**Instructions for the task**
Look below for the line containing "3on3 FreeStyle 만의" and the line containing "Alexander McQueen 'Shipwrecked'", then set down both and every line between them exactly, without pictures.

**Source material**
┏━━
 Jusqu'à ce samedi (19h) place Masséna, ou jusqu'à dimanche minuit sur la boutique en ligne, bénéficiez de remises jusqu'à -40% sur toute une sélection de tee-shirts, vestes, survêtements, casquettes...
┗━━
┏━━
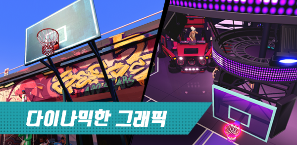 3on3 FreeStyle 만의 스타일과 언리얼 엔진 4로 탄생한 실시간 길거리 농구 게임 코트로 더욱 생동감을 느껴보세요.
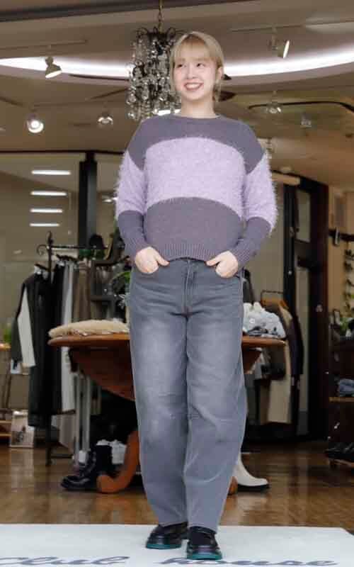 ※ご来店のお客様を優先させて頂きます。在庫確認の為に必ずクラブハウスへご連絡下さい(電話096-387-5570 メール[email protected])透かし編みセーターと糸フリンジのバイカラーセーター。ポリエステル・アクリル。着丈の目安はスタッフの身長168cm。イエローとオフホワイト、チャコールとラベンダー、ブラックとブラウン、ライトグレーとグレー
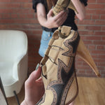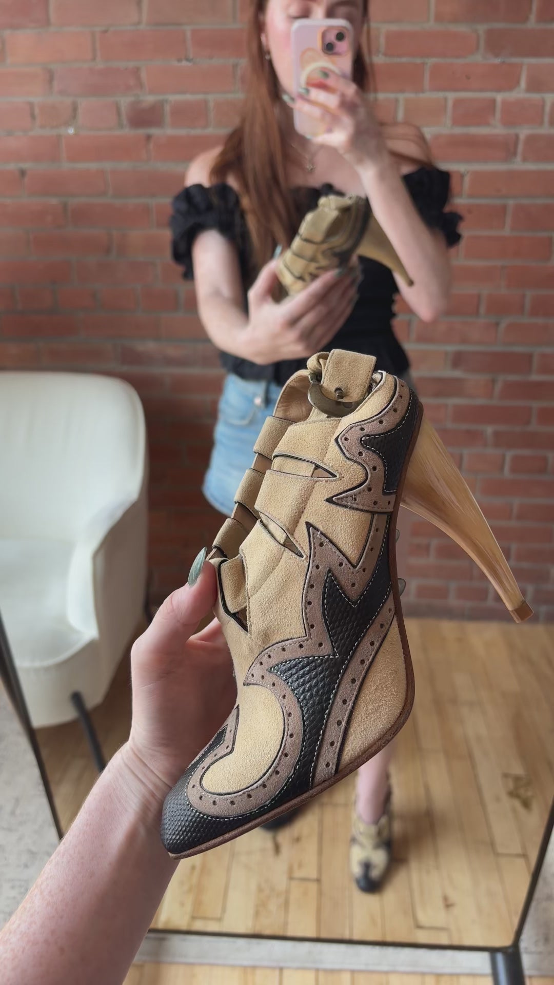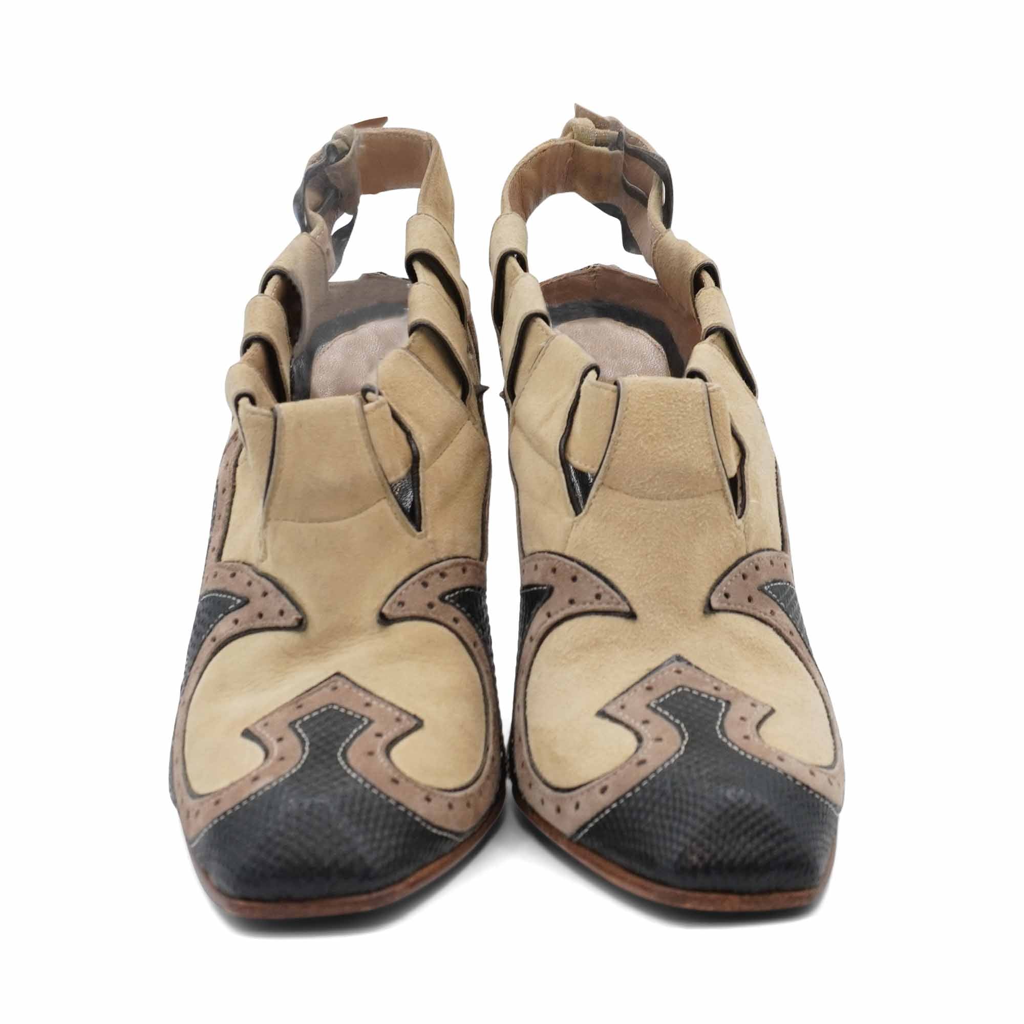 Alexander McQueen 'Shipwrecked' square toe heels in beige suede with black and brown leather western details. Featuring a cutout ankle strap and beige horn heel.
┗━━
**Response below**
 3on3 FreeStyle 만의 스타일과 언리얼 엔진 4로 탄생한 실시간 길거리 농구 게임 코트로 더욱 생동감을 느껴보세요.
 ※ご来店のお客様を優先させて頂きます。在庫確認の為に必ずクラブハウスへご連絡下さい(電話096-387-5570 メール[email protected])透かし編みセーターと糸フリンジのバイカラーセーター。ポリエステル・アクリル。着丈の目安はスタッフの身長168cm。イエローとオフホワイト、チャコールとラベンダー、ブラックとブラウン、ライトグレーとグレー
 Alexander McQueen 'Shipwrecked' square toe heels in beige suede with black and brown leather western details. Featuring a cutout ankle strap and beige horn heel.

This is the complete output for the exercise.